July 21, 2011
Dodd-Frank @1: The Volcker Public Comments
Posted by Kim Krawiec

Table 1 As I mentioned in my prior post, I’ll be using the Volcker Rule as a case study to demonstrate that an important critique of Dodd-Frank – the extent to which it leaves core substantive definitional work to regulatory agencies -- is a legitimate worry of the statute’s critics.  This analysis paints a picture of robust industry representation in the rulemaking process and progressively less public involvement in and attention to the Volcker Rule as the action moved from the legislature, to the initial call for public comments, to the more in-depth face time with regulators. 

Let’s begin with the public comment letters. The newly formed Financial Stability Oversight Counsel’s first action was a request for public comments on the Volcker Rule, after which it received over 8000 comments – at first blush, an extraordinary display of public interest in a fairly technical piece of financial reform legislation. 

Table 2 But, “wait!” you might say.  “I thought you just said that the public didn’t care about Volcker implementation and that’s why Congress may have left the legislation vague to begin with!  This is exactly the type of academic double talk I can’t stand!” 

Let me explain.  The FSOC concluded that, of these 8000 comment letters, roughly 6,550 “were substantially the same letter arguing for strong implementation of the Volcker Rule.” The FSOC gave no further information about these letters and did not make them publicly available. But, based on our analysis of the remaining comment letters (which I’ll get to in just a moment) we believe that the 6,550 identical letters are the result of a Public Citizen (PC) action campaign, which provided a form letter urging the prompt implementation of the Volcker Rule and the closing of any loopholes.

Table 3 We analyzed and hand coded the remaining roughly 1,450 comment letters.  The FSOC concluded that these “remaining 1,450 comments each set forth individual perspectives from financial services market participants, Congress, and the public.”  Nothing could be further from the truth.  Tables 1-3 provide some very preliminary summary statistics on these comments. Click on any image to enlarge. [Caveat: We crunched to get these out for the Dodd-Frank anniversary, so they’ll need some clean-up and correction. But the general pattern should hold.]

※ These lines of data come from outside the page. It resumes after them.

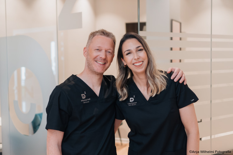 ZA Johannes Well: „Unsere Chemie hat von Anfang an gestimmt. Wir teilen die gleichen Werte, die Liebe zur Zahnmedizin und die Freude an echter Teamarbeit. Schon nach wenigen Monaten, in denen Lisa bei mir als angestellte Zahnärztin gearbeitet hat, war klar: Das passt einfach. Wir ticken ähnlich, haben denselben Anspruch an Qualität, Haltung und Miteinander – und denselben Wunsch, Zahnmedizin anders zu denken. Als ich mich räumlich vergrößern wollte, war die Idee einer gemeinsamen Praxis fast naheliegend. Es ging nicht nur um neue Räume, sondern um etwas Eigenes – eine Marke, die für unsere Werte steht.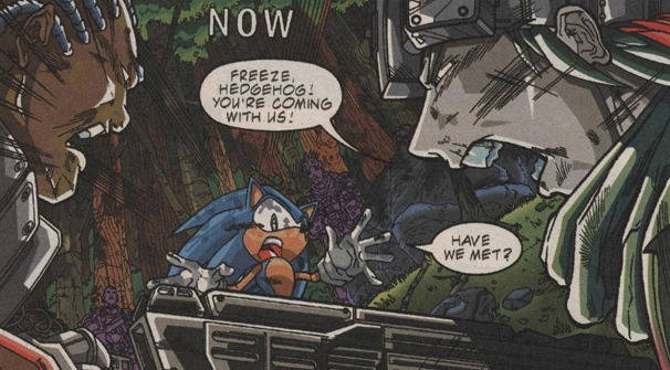 Rico was part of one of the first missions given to Paladin Team Sigma-Alpha 2; the capture of Sonic the Hedgehog, when they believed he was responsible for stealing the city's Chaos Emerald. They ambushed him on his return to Knothole, and despite him managing to snatch their weapons, managed to capture him. Things went well until Sonic spotted a loose screw on the helicopter he was being transported in and jumped out after taking out everyone aboard. (StH: #98)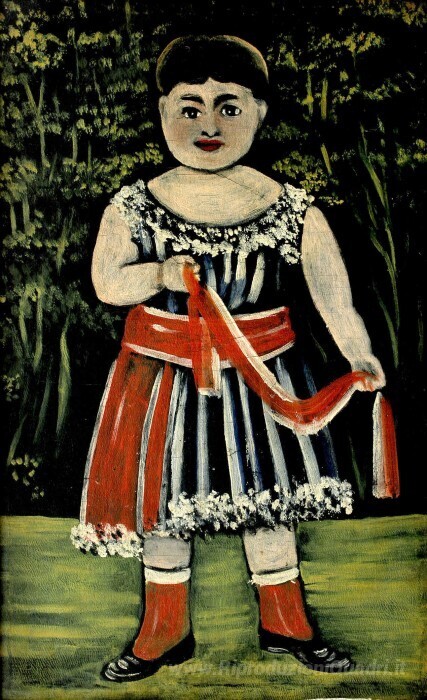 Ti offriamo una riproduzione artigianale su tela dell'opera famosa 'Bambina con un fiocco rosso' di Niko Pirosmani, dal Museo delle Riproduzioni.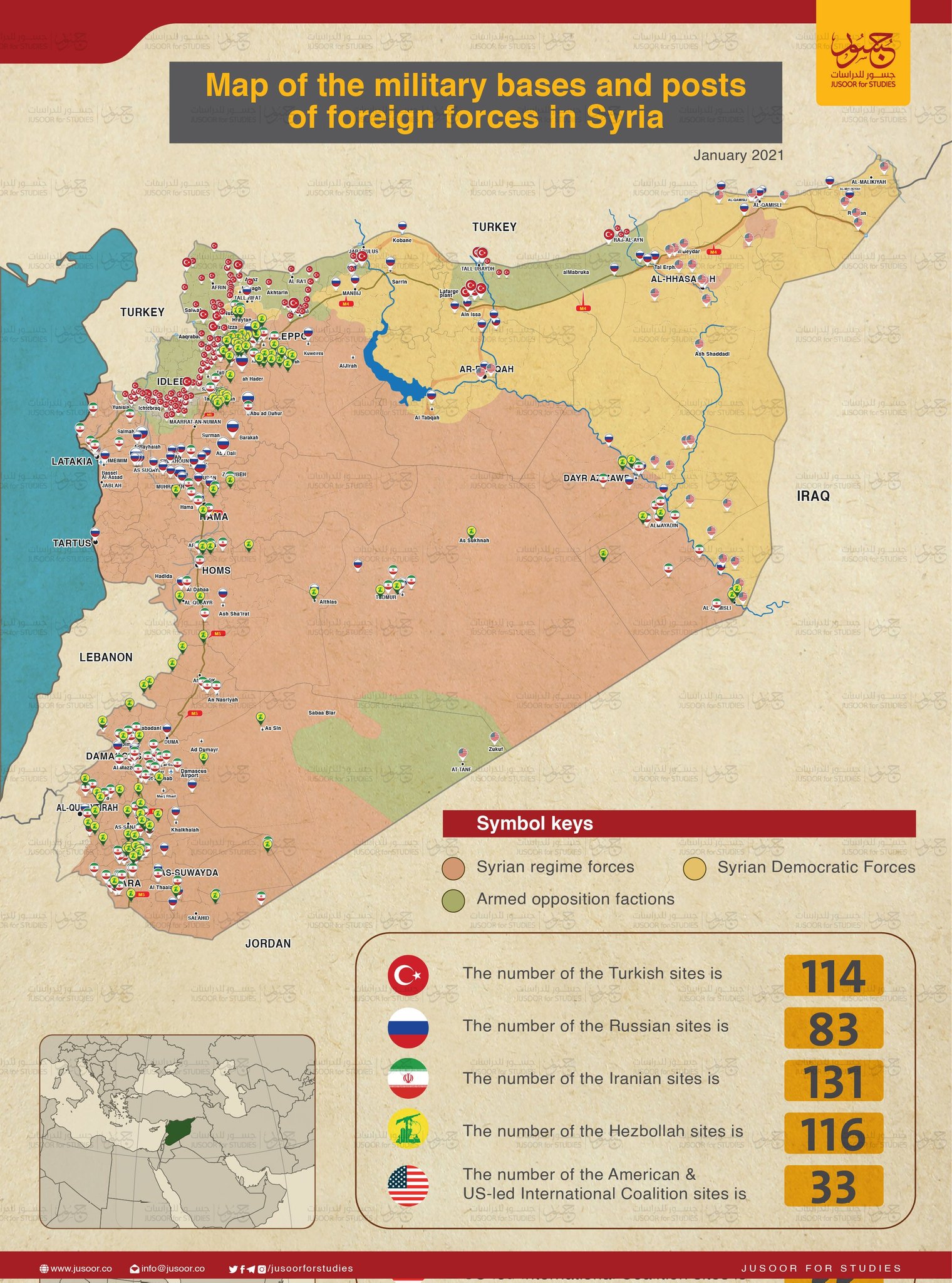 Mapa vojenských základen v Sýrii - leden 2021

First, we excluded duplicate postings by FSOC, leaving us with a total of 1374 comments.  Of these, as detailed in Table 1, 1281, or 93%, were submitted by private individuals.  The remainder was submitted primarily by industry members and trade groups, along with a small number of submissions from public interest groups, think tanks, academics, and congressional members. Again, at first blush, these numbers seem to confirm an extraordinary public interest in the Volcker Rule – the raw number of private individual comments dwarfs the comments submitted by all other categories of actors combined, including industry actors.

Yet, let us break down further these 1281 letters submitted by private individuals, as shown in Table 2.  Of these, 766 use the same PC form letter, with some slight variations, as the other 6,550 identical letters that the FSOC did not post.  Because many of these letters include some opening anecdote or concluding thoughts – such as a personal travail arising from the financial crisis –or, in some instances, use only a portion of the form (typically, the demands), these comments were not all identical.  Therefore, they escaped whatever recognition software or rough exclusion methods FSOC used. Yet, they are the same – nearly identical -- substantive letter.  Thus, of the 8000 letters received by FSOC on Volcker, 7316 (or 91%) are an identical form letter.


Let us now examine the remaining 515 comments submitted by private individuals that were not traceable to the PC form letter and compare them to letters from other groups.  Table 3 shows the breakdown of comments from some of these groups by word count and evidences several patterns of interest.  Chart 1 displays this information graphically, showing the distribution of word count by: private individual not using the PC form, private individuals using the form, and all others. 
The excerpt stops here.